As soon as the line containing "Dövlət İmtahan Mərkəzi" appears in the material below, start returning lines exactly, and end with the line containing "This refreshing digital".
───── PROVIDED MATERIAL
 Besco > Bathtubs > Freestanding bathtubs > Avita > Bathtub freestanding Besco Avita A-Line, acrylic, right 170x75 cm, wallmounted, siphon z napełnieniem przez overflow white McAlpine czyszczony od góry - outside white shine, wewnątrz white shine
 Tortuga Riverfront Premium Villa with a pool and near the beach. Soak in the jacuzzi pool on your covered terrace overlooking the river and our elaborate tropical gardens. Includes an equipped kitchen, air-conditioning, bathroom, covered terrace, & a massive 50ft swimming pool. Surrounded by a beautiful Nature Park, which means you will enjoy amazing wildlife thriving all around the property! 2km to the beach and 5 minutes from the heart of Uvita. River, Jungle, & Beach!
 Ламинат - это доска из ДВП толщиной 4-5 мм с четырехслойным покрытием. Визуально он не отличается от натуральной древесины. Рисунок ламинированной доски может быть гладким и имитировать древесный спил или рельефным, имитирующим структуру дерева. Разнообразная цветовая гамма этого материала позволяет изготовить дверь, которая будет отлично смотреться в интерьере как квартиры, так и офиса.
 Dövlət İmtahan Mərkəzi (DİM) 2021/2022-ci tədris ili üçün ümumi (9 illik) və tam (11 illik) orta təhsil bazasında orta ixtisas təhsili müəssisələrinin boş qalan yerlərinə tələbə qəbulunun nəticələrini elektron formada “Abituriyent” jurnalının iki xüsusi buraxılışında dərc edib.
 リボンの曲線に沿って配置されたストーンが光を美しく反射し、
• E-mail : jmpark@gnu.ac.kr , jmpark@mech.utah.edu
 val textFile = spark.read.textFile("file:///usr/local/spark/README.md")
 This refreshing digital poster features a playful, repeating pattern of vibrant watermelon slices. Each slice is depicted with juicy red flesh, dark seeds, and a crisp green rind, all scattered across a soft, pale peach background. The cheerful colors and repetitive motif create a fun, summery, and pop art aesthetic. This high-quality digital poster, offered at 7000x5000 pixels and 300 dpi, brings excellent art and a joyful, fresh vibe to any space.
──────────
───── PROVIDED MATERIAL
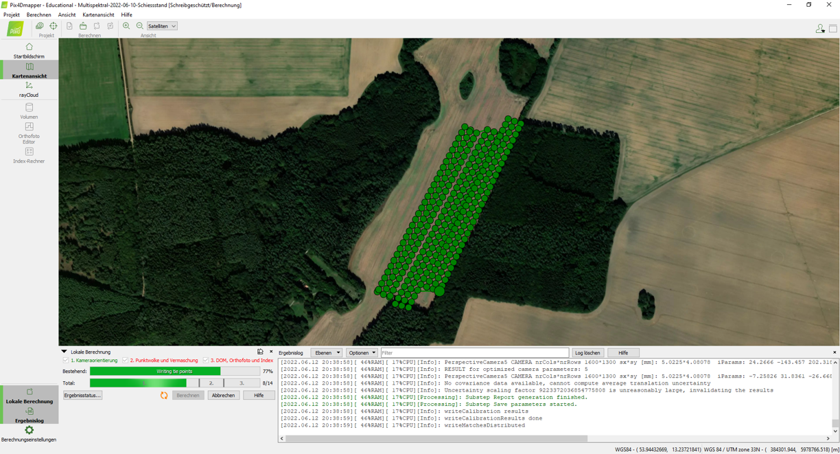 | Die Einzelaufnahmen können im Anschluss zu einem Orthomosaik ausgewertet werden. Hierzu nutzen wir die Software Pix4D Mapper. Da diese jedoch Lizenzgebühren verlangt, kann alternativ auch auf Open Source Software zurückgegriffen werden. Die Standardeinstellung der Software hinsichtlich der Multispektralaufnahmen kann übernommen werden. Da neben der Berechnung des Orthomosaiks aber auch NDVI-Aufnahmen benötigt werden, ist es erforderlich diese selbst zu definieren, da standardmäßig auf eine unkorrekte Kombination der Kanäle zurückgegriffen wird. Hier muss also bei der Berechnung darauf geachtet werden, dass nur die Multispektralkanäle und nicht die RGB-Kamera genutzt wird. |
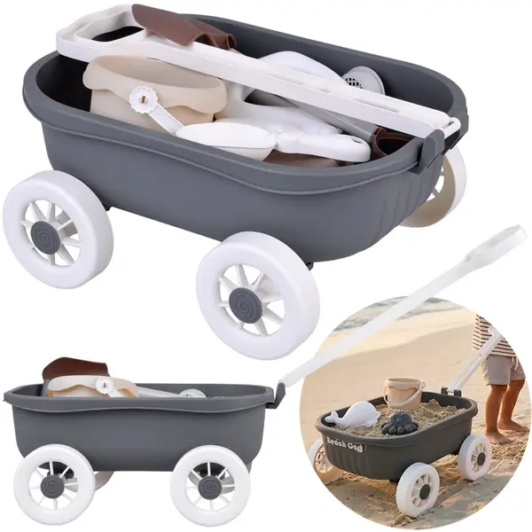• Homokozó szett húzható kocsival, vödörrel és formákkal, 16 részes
──────────
───── PROVIDED MATERIAL
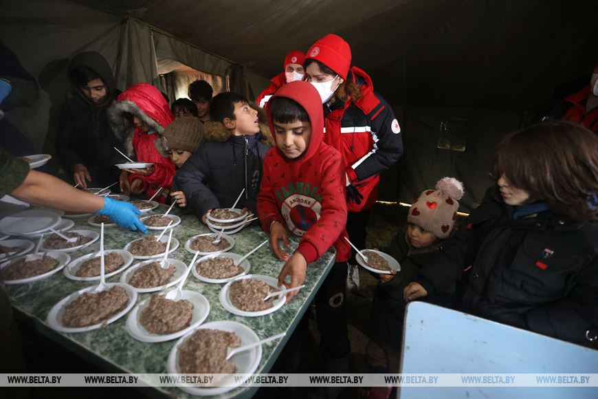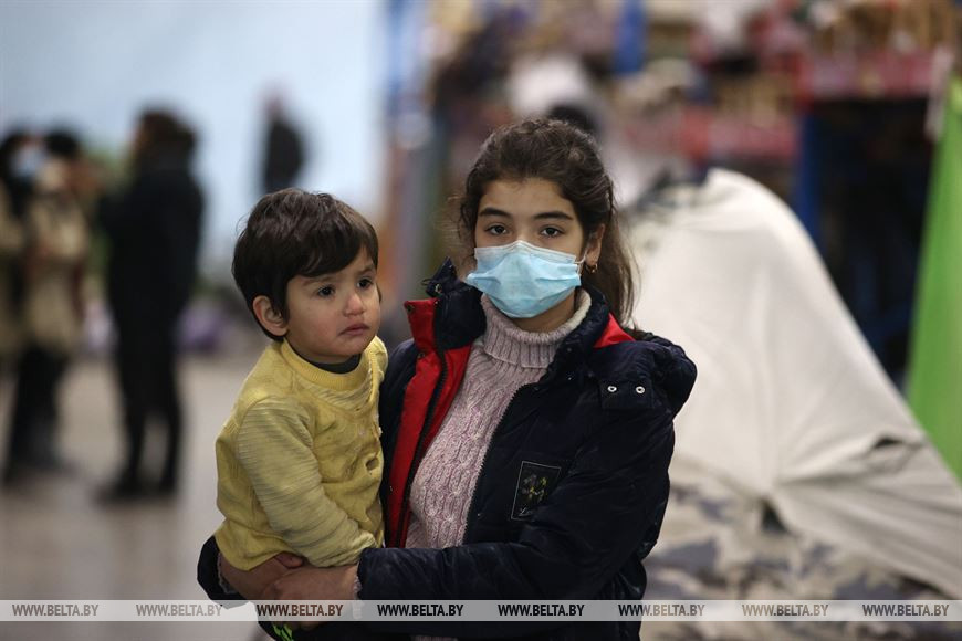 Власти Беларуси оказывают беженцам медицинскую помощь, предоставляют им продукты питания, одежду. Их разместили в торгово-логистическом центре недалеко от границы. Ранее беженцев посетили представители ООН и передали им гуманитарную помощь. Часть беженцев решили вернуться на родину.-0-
──────────
### SOLVED EXERCISE
 Dövlət İmtahan Mərkəzi (DİM) 2021/2022-ci tədris ili üçün ümumi (9 illik) və tam (11 illik) orta təhsil bazasında orta ixtisas təhsili müəssisələrinin boş qalan yerlərinə tələbə qəbulunun nəticələrini elektron formada “Abituriyent” jurnalının iki xüsusi buraxılışında dərc edib.
 リボンの曲線に沿って配置されたストーンが光を美しく反射し、
• E-mail : jmpark@gnu.ac.kr , jmpark@mech.utah.edu
 val textFile = spark.read.textFile("file:///usr/local/spark/README.md")
 This refreshing digital poster features a playful, repeating pattern of vibrant watermelon slices. Each slice is depicted with juicy red flesh, dark seeds, and a crisp green rind, all scattered across a soft, pale peach background. The cheerful colors and repetitive motif create a fun, summery, and pop art aesthetic. This high-quality digital poster, offered at 7000x5000 pixels and 300 dpi, brings excellent art and a joyful, fresh vibe to any space.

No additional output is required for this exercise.